Sustainable tourism is the
only survival strategy for that industry in the face of rising sea
levels, warmer temperatures on sea and land, shifting rainfall patterns
with more extreme droughts and floods, and more intense hurricanes. The
tourism industry must reduce its energy footprint and begin the
relocation of accommodation and other facilities from the vulnerable
coasts to higher ground. For example, pedal-driven rickshaws and boats
powered by sails and oars must begin to replace gasolene-powered
vehicles, boats and other marine recreational vehicles in the resort
areas.
Cultural goods and services that channel the
creativity of our people come readily to mind as industries in the new
green economy. In addition to developing music, film and sport, Jamaica
should offer 'offshore' education and health services to North America
and the affluent communities in Central and South America.

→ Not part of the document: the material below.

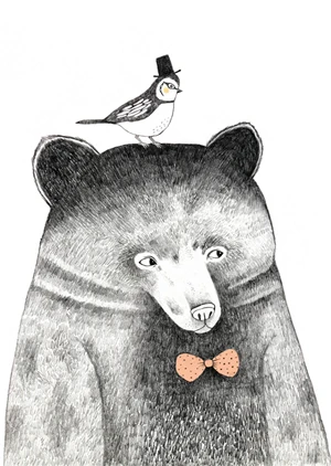 A poster of Mr. Teddy Bear with a pink bow tie.

The Internet
facilitates telecommuting over a wide range of ICT activities, and
Jamaica's move upstream to higher value-added services, without
abandoning call centres, is now long overdue.
At best,
the 2012-13 Budget should be funding the first year of the sustainable
development strategies, some of which have already been identified, to
transform the Jamaican society and economy to the 'place of choice to
live, work, raise families and do business' over the next 18 years. But
even if it just squeezes out more from the incomes of those who are
least able to afford it, to repay the debt and to maintain the
bureaucracy, it will still be imperative for the Government and its
partners to aggressively pursue the sustainable development strategies
of the Vision 2030 process.
As important as the Budget
is to guide governance for the next year, there is life after and
beyond the Budget, and it must be
lived.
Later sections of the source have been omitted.